Entertainment

Daddy’s little drag queen

All Beef Patty is just a daddy’s girl at heart.

“When people ask, ‘What does your son do for a living?” right away my father says, ‘He is a drag queen,” admits Brooklynite Jason Gerber, a quarter-finalist on “America’s Got Talent.”

“And he brings out pictures. It is almost too obsessing.”

Gerber, 38, is one of just three New York acts still standing in the NBC summer variety contest. He will appear on tonight’s two hour live episode at 9 p.m.

A 1992 graduate of Columbia High School in East Greenbush, he created the colorfully coiffed alter ego more than a dozen years ago at the urging of a friend.

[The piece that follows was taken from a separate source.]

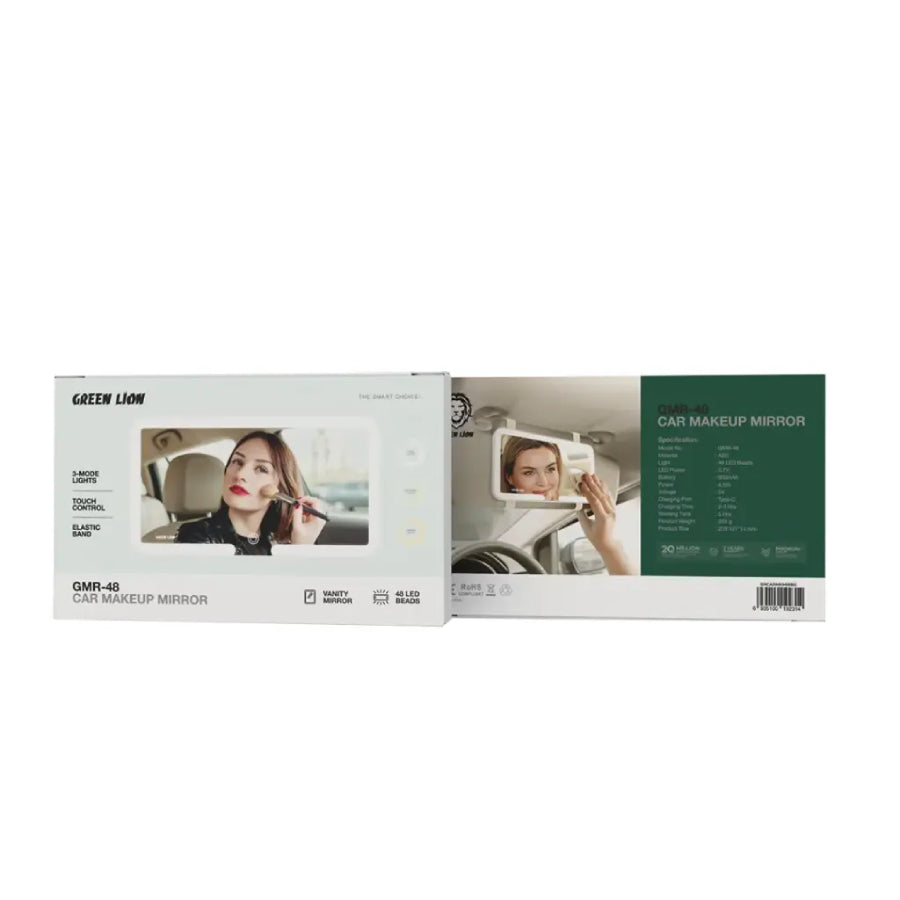 The Green Lion GMR-48 Car Makeup Mirror with 48 LED lights, touch control, and Type-C rechargeable battery offers bright, portable, and stylish on-the-go touch-ups.

“I don’t see my drag as any different from people who do theatre, that perform on a Broadway stage.” Gerber tells The Post. “It is a complete character that I put on.

“I sing live, which is fairly unique…I do different gigs. I have done everything from bah mitzvah’s to communions to Quinceaneras.”

Gerber has also performed (out of character, of course) at Carnegie Hall, as part of the New York City Gay Mens Chorus.

“I came out to [my parents] when I was in my early teens,” he remembers. “I think they see this as an extension of theatre — of what I used to do in high school.”

To pay the bills, Gerber has been waiting tables and entertaining customers for more than a decade at Lips, a drag-themed cabaret club on East 56th Street.

“I threw my mother’s 60th birthday at our restaurant,” he says. “We had my grandmother there and my great aunts. My father has been there, too. My father is like a Mama Rose. Very much a stage father. He has been to my restaurant maybe 20 times with different people.”

At his New York City audition last spring, judge Sharon Osbourne praised, “You are fantastic. I love your voice.” And Stern called Gerber a “teriffic entertainer.”

But the King of All Media has grown tougher in recent weeks, lobbying America not to vote for any act he finds too gimmicky or not worthy of the $1 million first prize.

“I should remind him that he came a background where people hated him and despised him and threw him out on the street because he was so different — and look where he got!” Gerber says.

“So it would be good to remind judges that the package may not be suitable for everyone, but there is a market for it.”